TL;DR:
- TSMC predicts a continued shortage of AI chips, impacting Nvidia’s A100 and H100 GPUs, until at least the end of 2024.
- The shortage is not due to chip production but rather a deficiency in advanced packaging capacity.
- CoWoS packaging technology, crucial for high-bandwidth memory (HBM) AI chips, is running at only 80% capacity.
- TSMC anticipates relief within 18 months as it expands its packaging facilities in Taiwan.
- AMD’s MI300-series accelerators are also affected by the packaging shortage.
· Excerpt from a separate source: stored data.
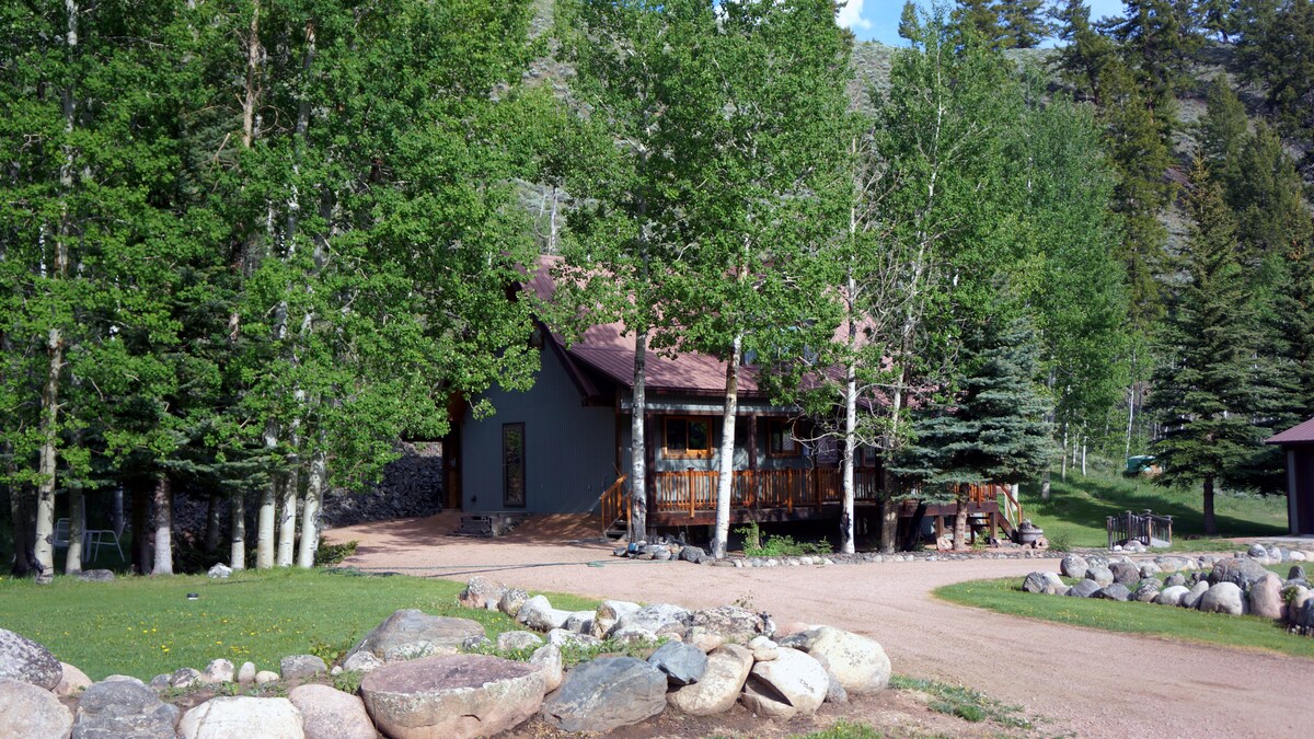 Una cabaña de aproximadamente 800 pies cuadrados. Capacidad para 4 personas, puede dormir 5 adultos; camas supletorias para niños. Se proporciona Internet y TV de espectro. La cocina tiene una nevera de tamaño completo y fogones, ollas, sartenes y platos. Lavadora y secadora gratuitas disponibles. La sala de estar abierta tiene una cama de día con cama nido. El loft de arriba tiene una cama tamaño queen y un futón tamaño queen. El patio trasero está vallado para niños y/o perros (los perros requieren permiso). La fachada privada del río Gunnison está fuera de la puerta trasera. Puedes pescar o relajarte y disfrutar de las vistas.
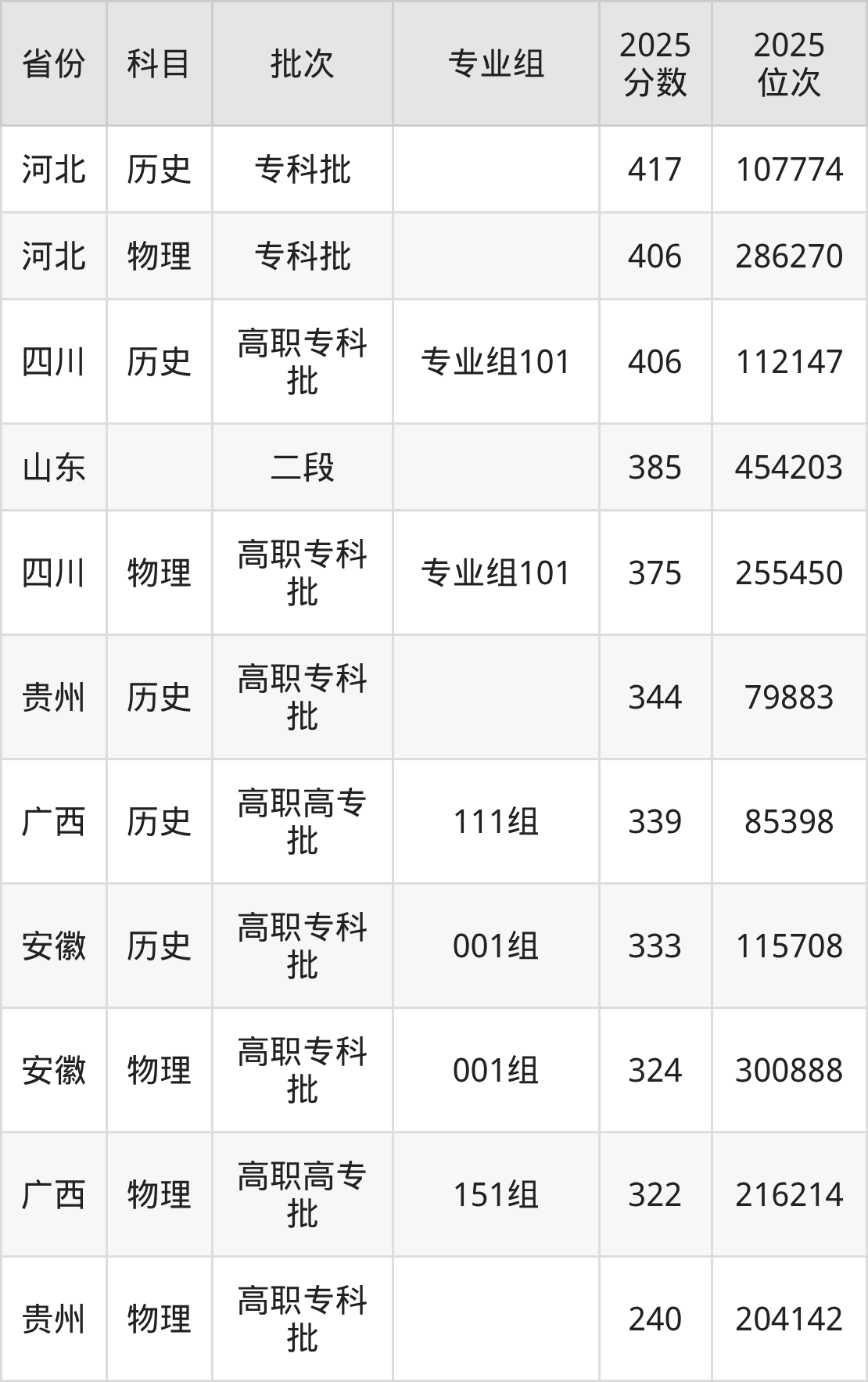 2025年广西体育高等专科学校全国录取分数线240分到417分,录取最高在河北(历史)、录取最低在贵州(物理)。
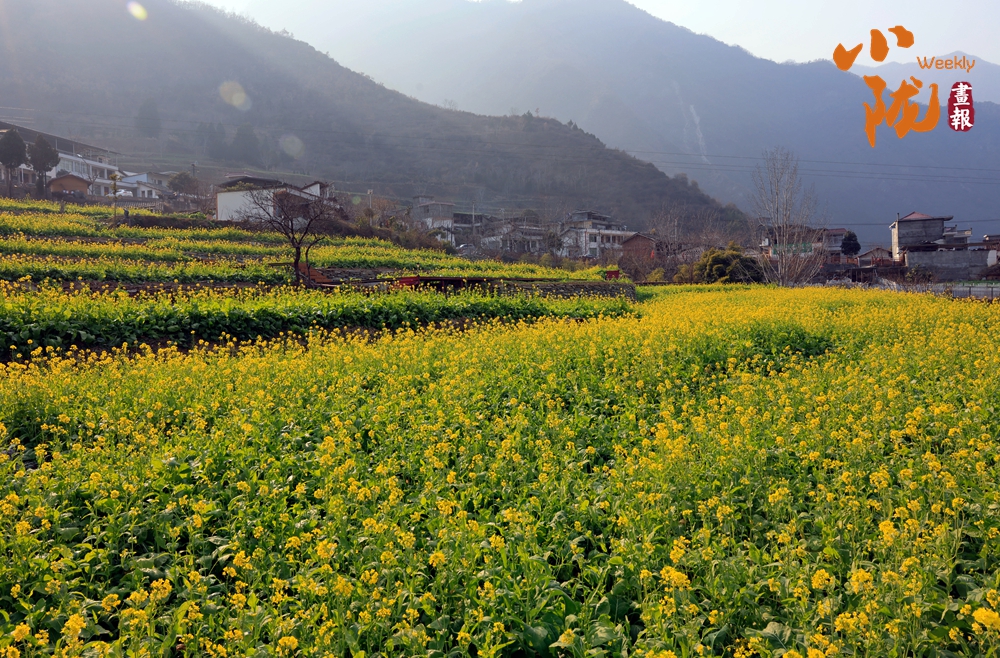 那一叢叢、一簇簇的油菜花,沿著梯田層層疊疊,從江邊一直蔓延到半山腰,鋪展在青山碧水之間;又像是大地剛剛蘇醒時,打翻的調(diào)色盤。
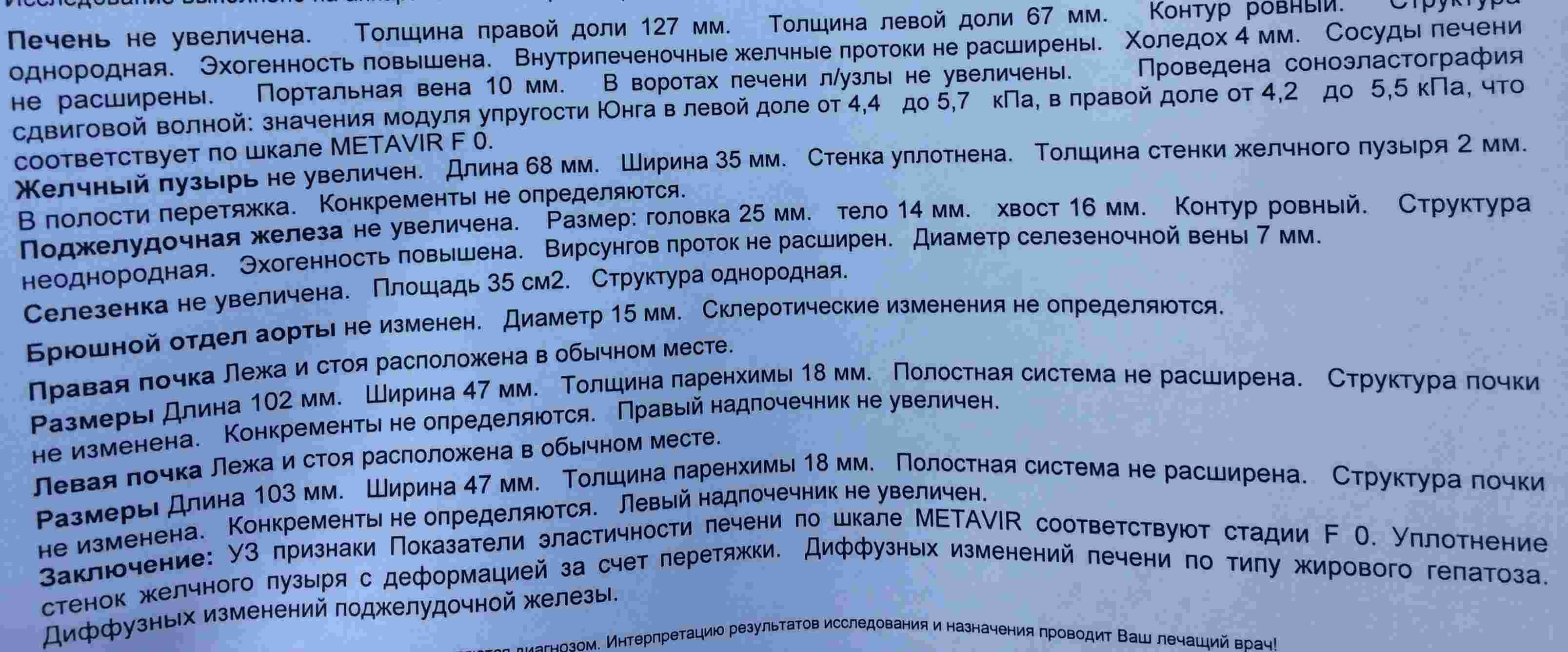 Поджелудочная почему-то не соответствует нулевому фиброзу. Что было в прошлом? Как со спиртным?
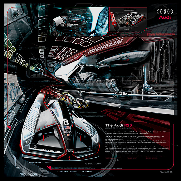 아우디의 ‘R25’는 2006~08년의 3년 연속으로 르망 24시간 내구 레이스를 제패한 ‘R10’을 계승하는 디자인을 선보였다. 이 차의 파워 트레인은 파격에 가까운 진보를 보여 줘 최대출력 680마력, 최대 토크 106kg.m의 강력한 전자 모터를 채용했다. 최고속도는 800km로 리니어 모터(직선 운동을 하는 모터)카의 세계를 보여주고 있다.
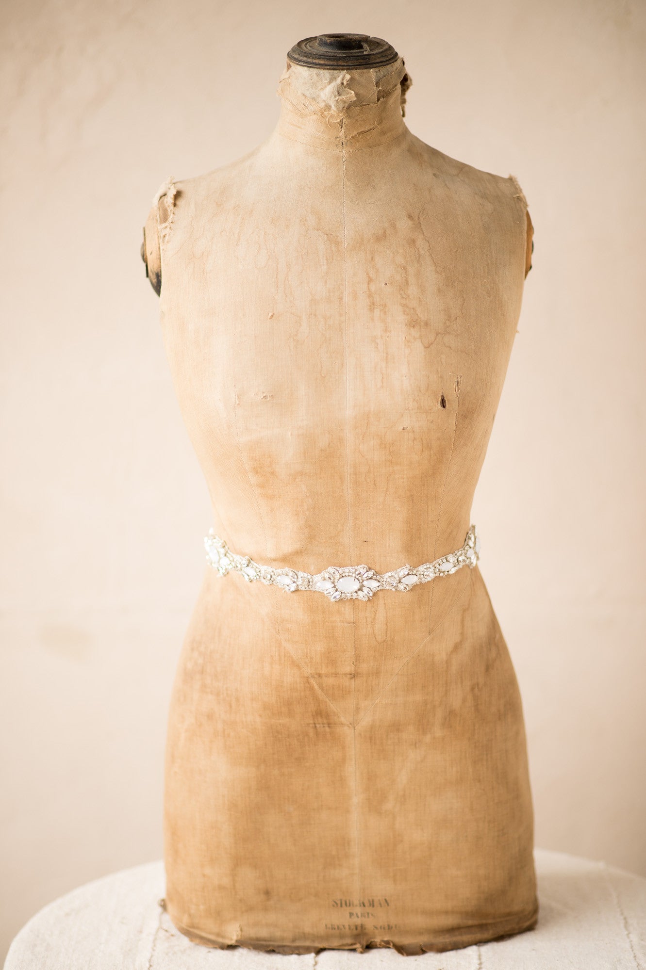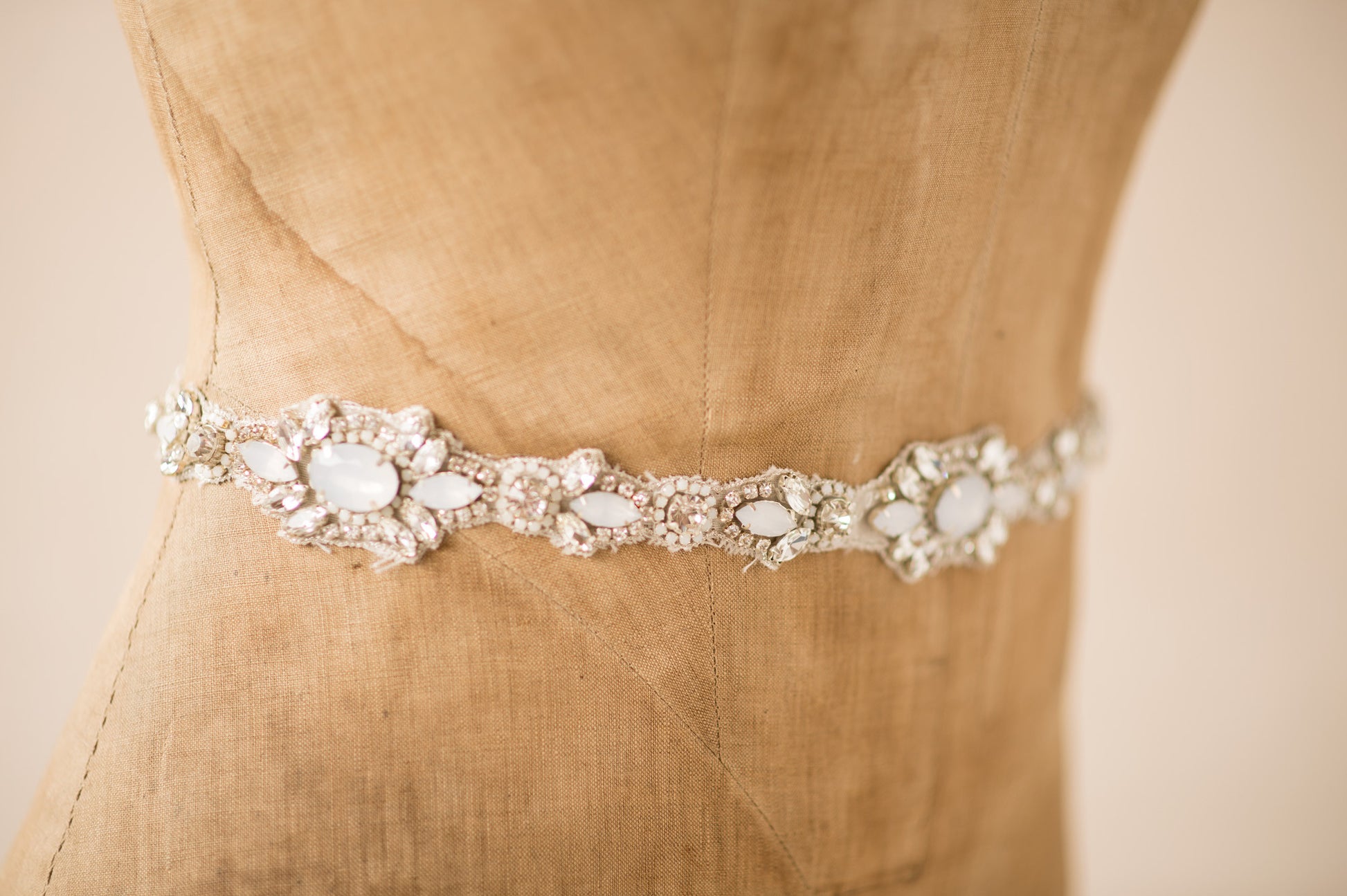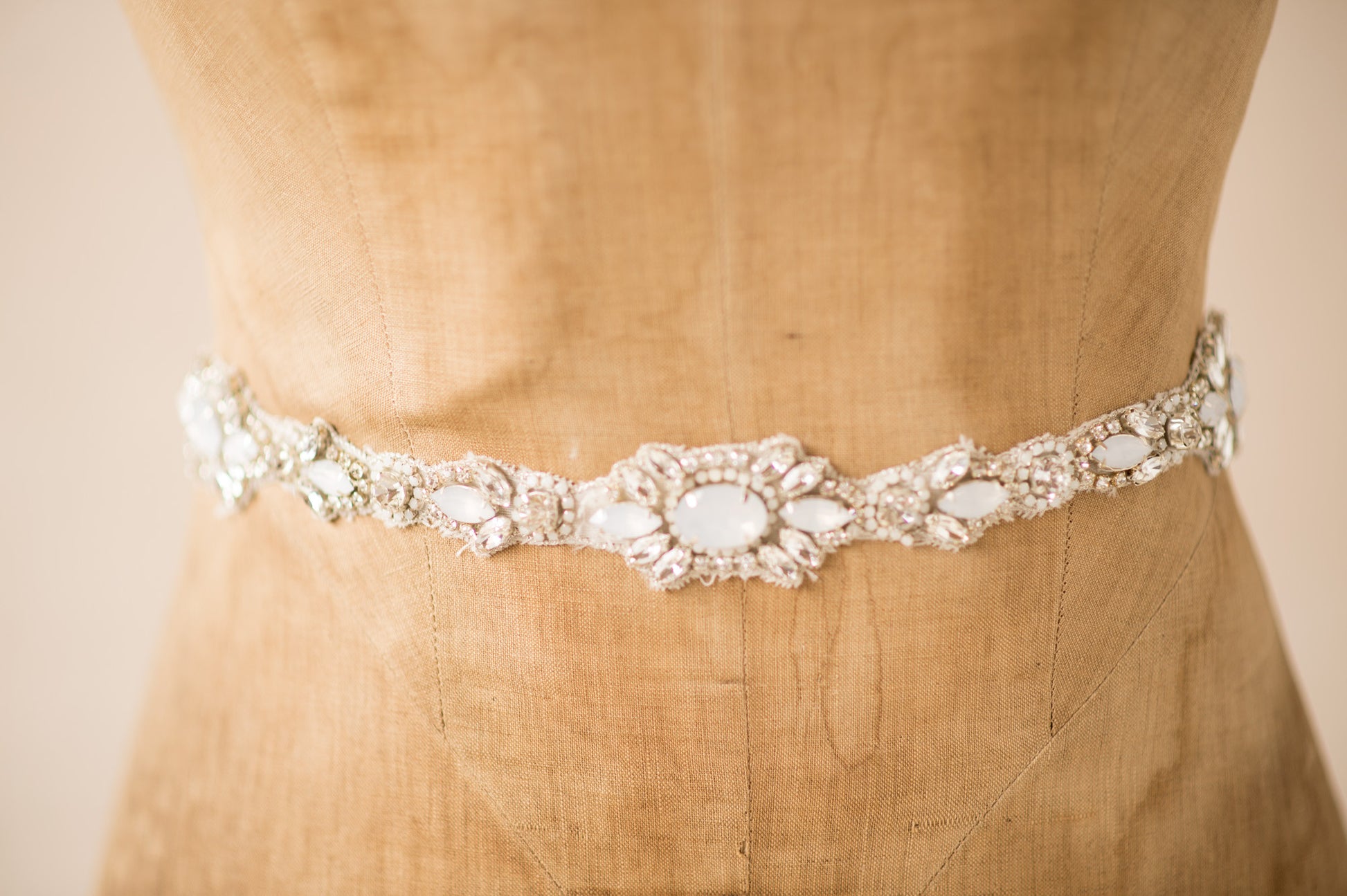 Art Deco Inspired Hand- Beaded Chunky Crystal Thin Applique Long Sash
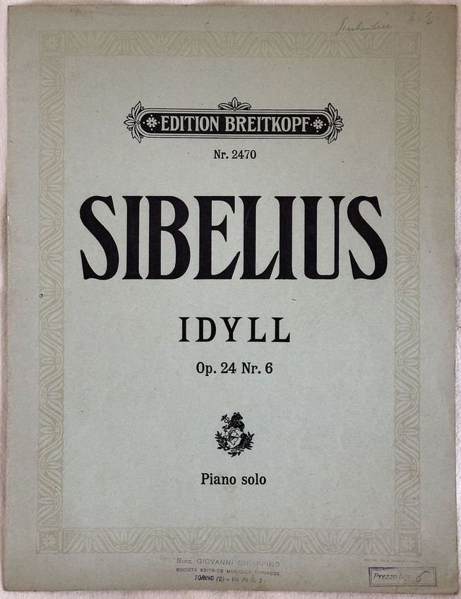 Edizione del 1904 di questa melodia per pianoforte "Idyll" del compositore finlandese Jean Sibelius (1865-1957), dall'opera 24 n. 6. In buone condizioni. Copertina editoriale in buone condizioni con lievi usure marginali. Legatura in buone condizioni. Pagine in buone condizioni con rare fioriture. In folio. cm. 30,5x23. Pp. 5.Edition of 1904 of this melody for piano "dyll" by the finnish composer Jean Sibelius (1865-1957), from the opera 24 n. 6. In good conditions. Editorial cover in good conditions with lightly worn in the extremities. Binding in good conditions. Pages in good conditions with occasional foxing.In folio. cm. 30,5x23. Pp. 5.<BR><BR>
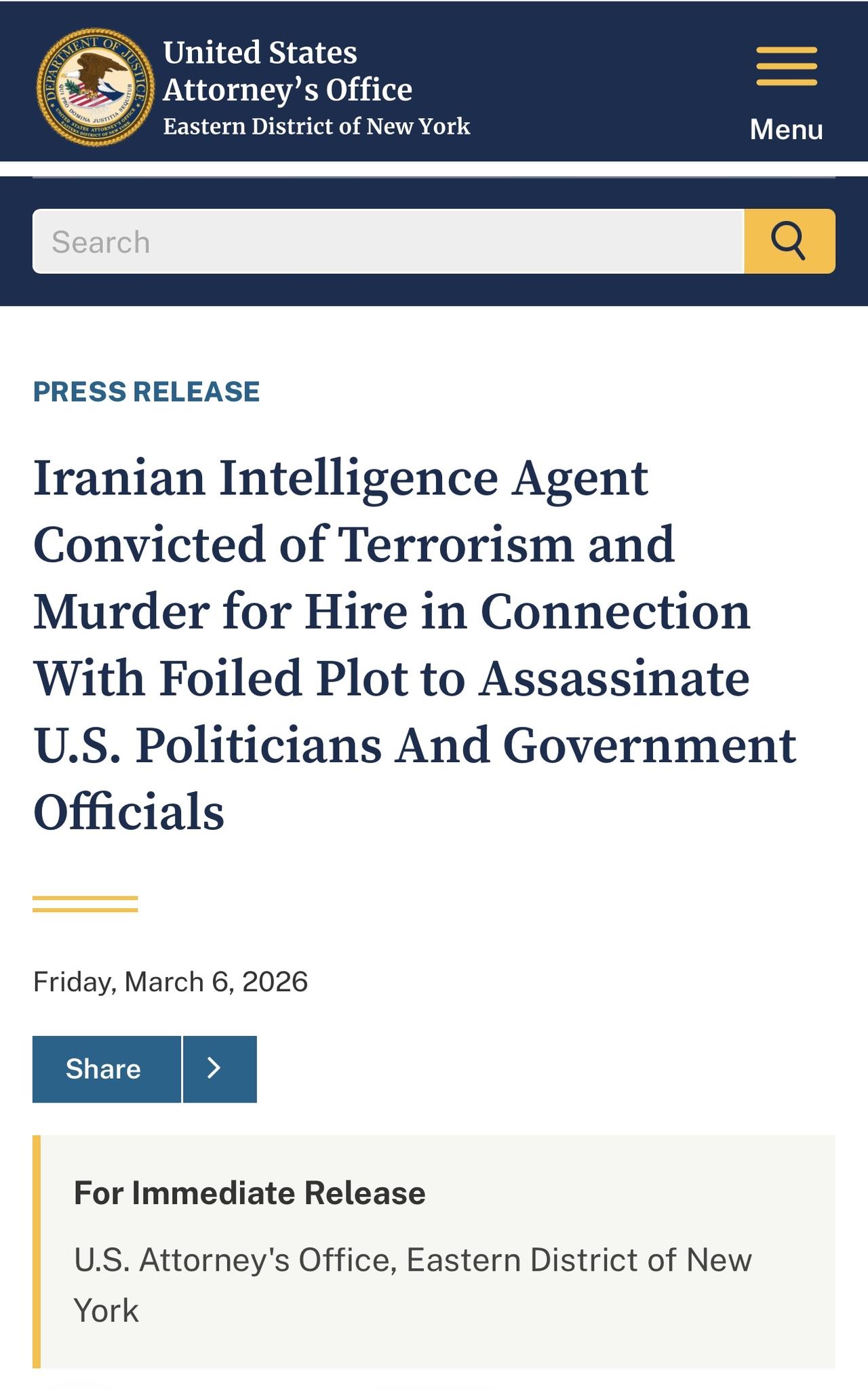 调查人员说:经过 FBI 纽约联合反恐特遣队和@EDNYnews的调查,伊朗情报人员阿西夫·默钱特被判犯有雇凶杀人和企图实施跨国恐怖主义行为罪。

- Samsung and Intel have alternative packaging solutions but face different market dynamics.
Main AI News:
In a recent development that has sent ripples throughout the tech industry, Taiwan Semiconductor Manufacturing Company (TSMC) has issued a warning regarding the prolonged shortage of AI chips. For those eagerly awaiting the availability of Nvidia’s high-end GPUs, including the much-coveted A100 and H100 models, this news may come as a disappointment. According to TSMC, the situation is unlikely to improve until at least the conclusion of 2024.
The crux of the problem, it appears, is not TSMC’s ability to manufacture chips, but rather a shortage in advanced packaging capacity required to assemble the silicon components. TSMC’s chairman, Mark Liu, emphasized that the bottleneck lies in the production process, specifically in the chip on wafer on substrate (CoWoS) packaging technology. This technology plays a pivotal role in creating some of the most advanced chips available today, particularly those designed for high-bandwidth memory (HBM), an essential feature for AI-intensive workloads.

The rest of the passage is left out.